A fair reading of the statute reveals that when a child has been adjudicated abused, the juvenile court is permitted to devise an order that controls a parent's conduct in order to prevent harm or detriment to the child. The power of the juvenile court to impose such an order is not, and should not be, unbridled. Despite the paucity of case law interpreting the statute, it appears that an order issued under R.C. 2151.359 rests within the sound discretion of the juvenile court and will not be disturbed on appeal absent an abuse of the court's discretion. See, generally, Carter v. Johnson (Sept. 25, 1986), Cuyahoga App. No. 51985, unreported, 1986 WL 10853. Abuse of discretion connotes conduct on the part of the court that amounts to more than error of law or judgment; it implies an attitude that is unreasonable, arbitrary or unconscionable.Ruwe v. Bd. of Springfield Twp. Trustees (1987), 29 Ohio St. 3d 59,61, 29 OBR 441, 443, 505 N.E.2d 957, 959.
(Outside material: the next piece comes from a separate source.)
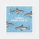 Este bonito diseño presenta una sencilla decoración de fiesta animal azul, una bonita piscina fiesta agua océano, con peces de tiburón acuático, un animal marino, una servilleta fiesta de papel personalizado azul, una bebida de bebida para beber de un cóctel, con vida marina salvaje, con peces de tiburón gris marino, una invitación festiva divertida, estupenda para el verano fiesta de natación divertida, para suministros de fiesta de verano de patio trasero

In ordering appellant to receive sex offender treatment, the juvenile court wrote:
"The most significant finding of this Court at the hearing on the GAL's [guardian ad litem's] motion was that the evidence (testimony of Doxey and Fisher) added credibility to the issue of the original allegations of abuse of the child by [appellant]. In that the possibility of abuse of the child by [appellant] is now more apparent, it is imperative that the supervisors remain ever vigilant, not only to prevent future abuse, but to protect [appellant] from unfounded allegations of abuse.
"It is now clear to this Court that [appellant] must receive treatment as an alleged sexual offender. The issue of abuse must be openly addressed, not only to protect the child in the future but to remove the potential of empowerment in *Page 459 the hands of the child, with the eventual goal of normalizing the relationship between child and parent."
In light of the juvenile court's reasoning, it is my belief the order requiring appellant to receive treatment was not arbitrary, unreasonable or capricious. The court adjudicated the child abused. The thrust of the evidence elicited at the hearing pointed to appellant as the perpetrator. In fact, the child did not levy any allegation of abuse toward anyone other than appellant. Given these facts, the order made by the court is proper in that it will help protect the child from future abuse. See Ward v. Royer (July 15, 1991), Clermont App. No. CA90-09-090, unreported, 1991 WL 129797 (where there are allegations that father sexually abused his daughter, but no evidence of such abuse, it is permissible for trial court to order the father's visits to be supervised and to eliminate overnight visitation in an effort to protect the child from potential abuse). Moreover, appellant's treatment will also protect him, as he will be educated to recognize and avoid situations which have the potential to form the basis of future abuse allegations. Under these circumstances, I am of the opinion that the juvenile court's order was intended to help stabilize the relationship between the child and appellant, and was therefore in the child's best interest.
Further, as I see it, the rule of law announced by the majority adds a condition to R.C. 2151.359 which is clearly erroneous. According to the majority, a juvenile court may not order a parent of an abused child to undergo sex offender treatment unless the finding of abuse has been made as to that parent. The statute requires no such finding. All that R.C.2151.359 demands in order for a court to make an order to control the conduct of the parent of an abused child is that the order be necessary to control conduct that is harmful or detrimental to the child. Had the General Assembly wanted to make a finding of fault a prerequisite to a R.C. 2151.359 order, it surely would have done so. For the reasons set forth above, I believe that under the facts of the instant action, the order compelling appellant to receive treatment was well within the court's power.